Another feature of the 1913 convention was the new method of electing officers, by which a primary vote was taken on nominations, and afterward a regular ballot was cast; one officer was added to the members of the official board, making nine instead of eight, the former number. The new officers elected were Mrs. Breckenridge of Kentucky, the great-granddaughter of Henry Clay, and Mrs. Catherine Ruutz-Rees of Greenwich, Connecticut. The old officers were re-elected—Miss Jane Addams as first vice-president, Mrs. Breckenridge and Mrs. Ruutz-Rees as second and third vice-presidents, Mrs. Mary Ware Dennett as corresponding secretary, Mrs. Susan Fitzgerald as recording secretary, Mrs. Stanley McCormack as treasurer, Mrs. Joseph Bowen of Chicago and Mrs. James Lees Laidlaw of New York City as auditors.

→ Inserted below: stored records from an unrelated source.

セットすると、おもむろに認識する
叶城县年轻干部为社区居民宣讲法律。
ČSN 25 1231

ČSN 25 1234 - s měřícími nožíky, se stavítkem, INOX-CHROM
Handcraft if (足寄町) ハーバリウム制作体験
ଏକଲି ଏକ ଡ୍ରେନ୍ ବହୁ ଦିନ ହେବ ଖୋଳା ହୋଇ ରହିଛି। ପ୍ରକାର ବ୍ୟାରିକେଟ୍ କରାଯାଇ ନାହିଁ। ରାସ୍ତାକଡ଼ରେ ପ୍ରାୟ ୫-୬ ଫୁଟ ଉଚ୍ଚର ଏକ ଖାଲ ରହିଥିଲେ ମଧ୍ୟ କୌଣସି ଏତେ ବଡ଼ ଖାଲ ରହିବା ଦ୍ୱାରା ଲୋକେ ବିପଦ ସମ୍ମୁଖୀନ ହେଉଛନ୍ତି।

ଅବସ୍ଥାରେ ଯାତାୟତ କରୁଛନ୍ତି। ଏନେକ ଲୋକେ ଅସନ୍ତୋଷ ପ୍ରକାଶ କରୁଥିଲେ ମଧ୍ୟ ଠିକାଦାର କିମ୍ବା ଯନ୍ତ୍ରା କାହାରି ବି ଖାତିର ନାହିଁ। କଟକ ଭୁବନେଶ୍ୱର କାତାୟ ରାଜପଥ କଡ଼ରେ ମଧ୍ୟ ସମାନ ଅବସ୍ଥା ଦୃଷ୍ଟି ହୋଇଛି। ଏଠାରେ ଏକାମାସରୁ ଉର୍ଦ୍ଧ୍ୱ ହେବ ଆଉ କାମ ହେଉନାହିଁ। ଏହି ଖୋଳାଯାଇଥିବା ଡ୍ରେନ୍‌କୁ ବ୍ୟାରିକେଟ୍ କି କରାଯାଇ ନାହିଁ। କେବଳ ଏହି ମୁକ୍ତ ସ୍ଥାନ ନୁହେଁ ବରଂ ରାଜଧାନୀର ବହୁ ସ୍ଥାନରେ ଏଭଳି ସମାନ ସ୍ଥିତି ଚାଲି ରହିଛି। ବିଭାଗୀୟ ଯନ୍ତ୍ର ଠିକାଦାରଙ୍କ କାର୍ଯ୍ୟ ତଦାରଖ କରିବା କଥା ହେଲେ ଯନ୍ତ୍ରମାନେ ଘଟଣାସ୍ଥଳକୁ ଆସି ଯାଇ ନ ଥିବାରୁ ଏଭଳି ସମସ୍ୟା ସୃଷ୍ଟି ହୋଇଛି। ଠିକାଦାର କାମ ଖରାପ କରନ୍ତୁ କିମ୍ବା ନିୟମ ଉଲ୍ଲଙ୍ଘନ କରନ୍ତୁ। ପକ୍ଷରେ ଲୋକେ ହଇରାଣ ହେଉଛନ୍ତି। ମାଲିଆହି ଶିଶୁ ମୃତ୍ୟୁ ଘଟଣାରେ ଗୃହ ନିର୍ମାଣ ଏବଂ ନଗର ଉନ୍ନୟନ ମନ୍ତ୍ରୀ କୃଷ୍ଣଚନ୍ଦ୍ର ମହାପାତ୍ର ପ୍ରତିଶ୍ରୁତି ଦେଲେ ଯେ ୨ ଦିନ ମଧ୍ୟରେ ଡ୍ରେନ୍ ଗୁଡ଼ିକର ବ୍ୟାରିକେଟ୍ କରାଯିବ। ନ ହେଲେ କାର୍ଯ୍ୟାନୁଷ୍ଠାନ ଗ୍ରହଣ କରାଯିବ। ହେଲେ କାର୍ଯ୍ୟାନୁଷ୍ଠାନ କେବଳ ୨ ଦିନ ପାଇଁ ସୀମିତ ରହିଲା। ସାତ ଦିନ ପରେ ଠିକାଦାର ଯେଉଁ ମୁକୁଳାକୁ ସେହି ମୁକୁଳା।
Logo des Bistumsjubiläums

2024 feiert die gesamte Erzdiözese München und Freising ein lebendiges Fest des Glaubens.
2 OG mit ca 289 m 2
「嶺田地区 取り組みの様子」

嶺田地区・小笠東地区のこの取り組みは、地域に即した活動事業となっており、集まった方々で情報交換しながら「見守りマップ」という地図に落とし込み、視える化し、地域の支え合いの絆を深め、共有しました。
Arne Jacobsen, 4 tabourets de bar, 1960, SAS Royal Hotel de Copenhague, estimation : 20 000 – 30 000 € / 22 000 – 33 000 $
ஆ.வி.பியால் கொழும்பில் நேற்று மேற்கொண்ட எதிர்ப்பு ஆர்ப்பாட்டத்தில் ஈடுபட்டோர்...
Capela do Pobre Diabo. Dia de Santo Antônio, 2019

It would be difficult to secure a group of women of more marked ability, or better-known workers in various lines of philanthropic and educational work, than the members composing this admirable board. At the convention of 1914, held in Nashville, several of them resigned, and at present (in 1914) the "National's" affairs are in the hands of this inspiring group, again headed by the much-criticized and chastened writer of these reminiscences:

     Mrs. Stanley McCormack, first vice-president.

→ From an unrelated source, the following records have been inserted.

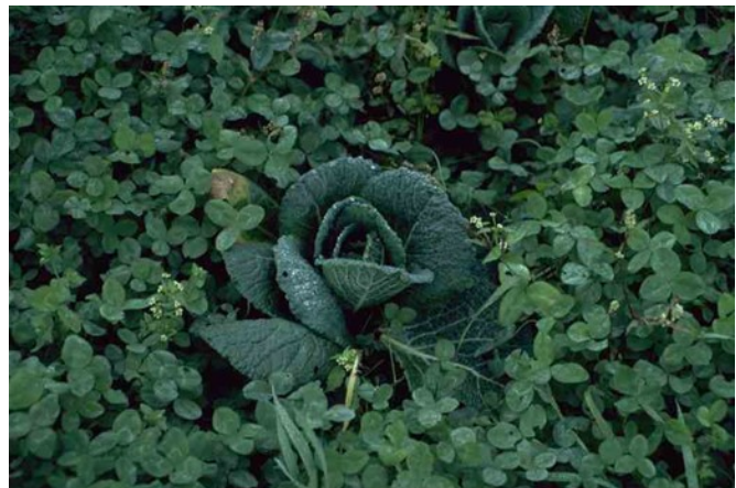
Abb. 11: Kleeuntersaat in einer Wirzkultur.

Die Untersaat mit Erd-Klee ( Trifolium subterraneum cv. Claire) ist eine weitere Massnahme zur Bekämpfung der Kleinen Kohlflyge (Abb. 11). Dabei wird die Wirtspflanzen-suche der Kleinen Kohlflyge erschwert, indem das spezifische Verhaltensmuster zur Wirtspflanzenfindung gestört wird. Erfolgt die Landung auf einer gesäten Erd-Klee-Pflanze, legen die Weibchen keine Eier ab und setzen die Suche fort. Mit dieser Methode konnte in Versuchen eine Befallsreduktion von 70-80% erzielt werden 21 . Erd-Klee ist für die Untersaat gut geeignet, da die Konkurrenz zur Hauptkultur bei regelmässigem Stutzen zu vernachlässigen ist 21 .
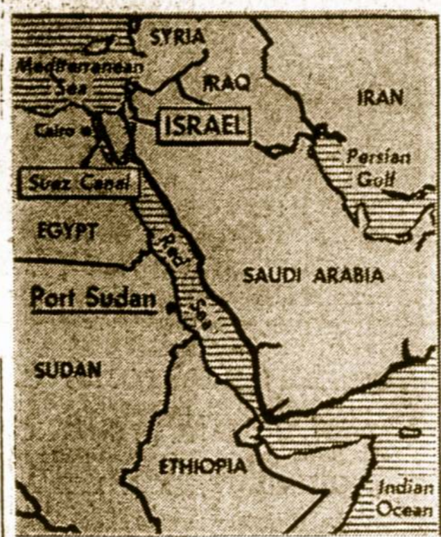
Artimųjų Rytų valstybės, į kurias savo kojas kelia Sovietų Sąjunga.

Tai pirma moteris tokiose aukštose pareigose Vatikanu.
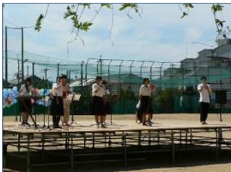
フォークソング部

他に軽音楽部、茶道部、文芸部、クッキング部、科学部、ESS部、園芸部も発表しています。
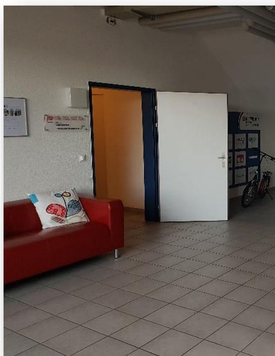
Auf demselben Stock (UG) gelangt man links vom Lift zum Waschraum (siehe offene Tür im Bild)
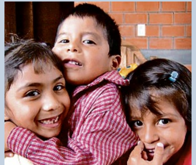
El donativo de mabe es lo equivalente al ahorro de agua de una lavadora en un año.

Como parte de sus acciones de responsabilidad social, mabe donará 2 mil 500 garrafones de agua a Aldeas Infantiles, lo equivalente al ahorro de agua de una sola lavadora en un periodo de un año.
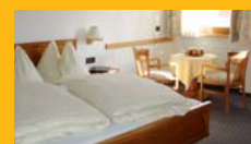
DZ Superior Selva 24 m 2
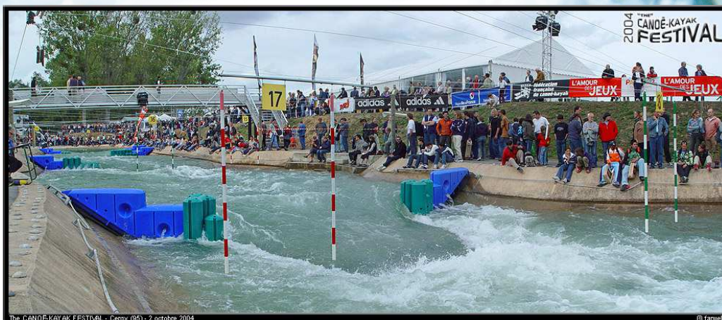
The CANOE-KAYAK FESTIVAL - Cergy (95) - 2 octobre 2004
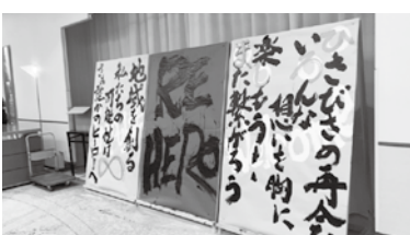
オープニングアトラクションで書かれた大会テーマ
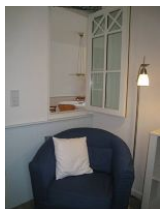
Das offene Fenster zum Wohnzimmer garantiert die Belüftung des Zimmers. Klingt komisch, klappt aber....
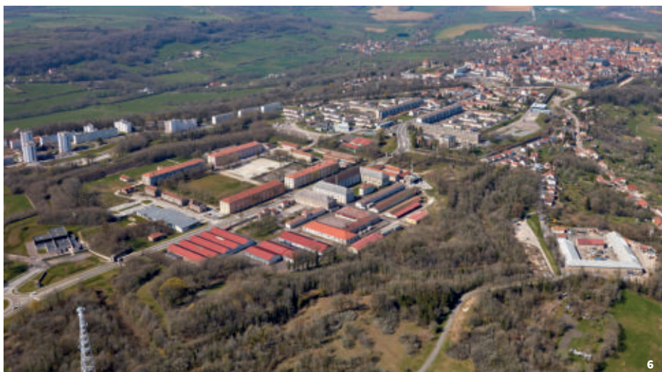
6. Vue aérienne de la citadelle de Langres
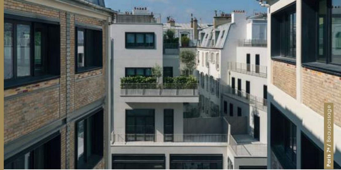
Paris 7 e / Beaupassage

Inspiré par le Grand Paris et ses défis, Emerige y réalise 45 résidences, dont à Paris « Passage Oberkampf » (11 e ), « Place Félix Eboué » et « 5 Rue Erard » (12 e ), « 7 Rue de Tolbiac » (13 e ) et « 23 Crimée » (19 e ). Après avoir inauguré Beaupassage en 2018, premier quartier dédié à l'art de vivre à Paris 7 e rassemblant des chefs et artisans dans un cadre architectural d'exception, il livrera cette année de nombreux autres projets résidentiels emblématiques parmi lesquels Unic , situé dans l'éco-quartier des Batignolles (Paris 17 e ) et conçu par les architectes MAD et Christian Biecher, Trilogie à Asnières-sur-Seine, conçu à la manière d'une œuvre de Land Art et lauréat du Grand Prix Régional des Pyramides d'Argent 2019, ou encore 26 Quai de l'Aisne à Pantin, réalisé par les architectes Chartier Dalix face au canal de l'Ourcq.
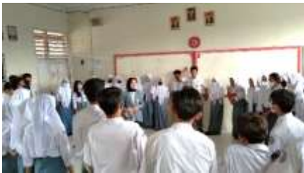
Gambar 3. Penerapan Model Snowball Throwing

Penerapan model snowball throwing . Target dan tujuan pembelajaran untuk memahami ragam gerak tari kreasi dengan unsur gerak tari kreasi. Metode yang digunakan metode diskusi kelompok, peserta didik membuat lingkaran besar, ketua atau perwakilan kelompok maju untuk mengambil 1 bola yang berisi pertanyaan, setiap kelompok diberi waktu untuk mendiskusikan jawaban dari pertanyaan tersebut setiap kelompok maju menjawab dan mempraktekan berdasarkan soal yang mereka dapat, kelompok lain mengapresiasi. Pengukuran evaluasi diukur berdasarkan indikator memberi bentuk.

     Mrs. Desha Breckenridge, second vice-president.
     Dr. Katharine B. Davis, third vice-president.
     Mrs. Henry Wade Rogers, treasurer.
     Mrs. John Clark, corresponding secretary.
     Mrs. Susan Walker Fitzgerald, recording secretary.
     Mrs. Medill McCormack,                  }
                                             } Auditors
     Mrs. Walter McNabb Miller, of Missouri  }

In a book of this size, and covering the details of my own life as well as the development of the great Cause, it is, of course, impossible to mention by name each woman who has worked for us—though, indeed, I would like to make a roll of honor and give them all their due. In looking back I am surprised to see how little I have said about many women with whom I have worked most closely—Rachel Foster Avery, for example, with whom I lived happily for several years; Ida Husted Harper, the historian of the suffrage movement and the biographer of Miss Anthony, with whom I made many delightful voyages to Europe; Alice Stone Blackwell, Rev. Mary Saffard, Jane Addams, Katharine Waugh McCullough, Ella Stewart, Mrs. Mary Wood Swift, Mrs. Mary S. Sperry, Mary Cogshall, Florence Kelly, Mrs. Ogden Mills Reid and Mrs. Norman Whitehouse (to mention only two of the younger "live wires" in our New York work), Sophonisba Breckenridge, Mrs. Clara B. Arthur, Rev. Caroline Bartlett Crane, Mrs. James Lees Laidlaw, Mrs. Raymond Brown, the splendidly executive president of our New York State Suffrage Association, and my benefactress, Mrs. George Howard Lewis of Buffalo. To all of them, and to thousands of others, I make my grateful acknowledgment of indebtedness for friendship and for help.